Let the interval $[0,1]$ be divided into $n$ subintervals each of length $\frac{1}{n}$. Let $f\in C([0,1], \mathbb R)$ a continuous functions in $[0,1]$ and consider the set $\Omega_n=\big(f\in C^2([0,1], \mathbb R) : f'({\frac{k}{n}})=0, \forall k=0,\ldots, n\big)$. Is that true that $\forall \varepsilon>0$ there exists $f_n\in\Omega_n$ such that
$$\sup_n\|f-f_n\|_\infty<\varepsilon$$?
Which kind of functions $f_n$ I can try to define?
Consider $b_n(t) = 2\int_0^t \sin^2 (\pi nx)$, note that $b_n \in \Omega_n$, $b_n$ is strictly increasing, $b_n(0) = 0, b_n(1) = 1$.

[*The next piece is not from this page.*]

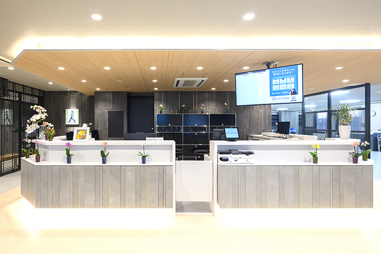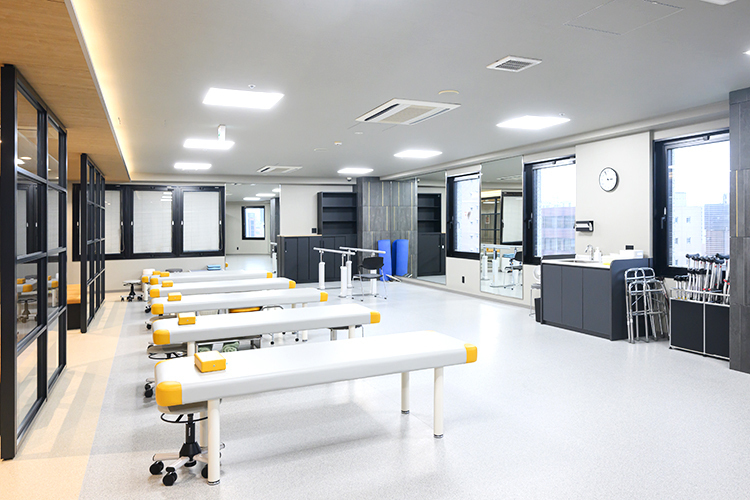 クリニックの雰囲気づくりにはこだわりました。黒を基調としたシックな色合いですが、照明で温かみのある茶色に見え、ロゴカラーの黄色をアクセントに使うことで親しみやすさも出しています。待合室は、診療を受ける前の最初の空間なので、清潔感があってゆったりとした雰囲気を大切にしています。また、リハビリテーション室は黄色をポイントで使い、清潔感と温かみのある空間にしました。整形外科という特性上、継続して通院いただく方も多いので、患者さんに「また来たい」と思ってもらえ、リラックスして治療に専念できる環境づくりを心がけています。

If you plot $b_n$ for a few values of $n$ you will notice that it is a smooth staircase function whose steps are getting smaller and smaller with increasing $n$.
Note that $b_n(t) = t$ for $t ={k \over n}$ and combine this with monotonicity to show that $b_n(t) \to t$ uniformly.
Choose $\epsilon>0$ and find a polynomial $p$ such that $\|f-p\| < { 1\over 2 } \epsilon$. Now consider $p_n = p \circ b_n$ and use uniform continuity to conclude that $\|p-p_n\| \to 0$. Note that $p_n \in \Omega_n$. Choose $n$ large enough such that $\|p-p_n\| < { 1\over 2 } \epsilon$, then $\|f-p_n \| < \epsilon.$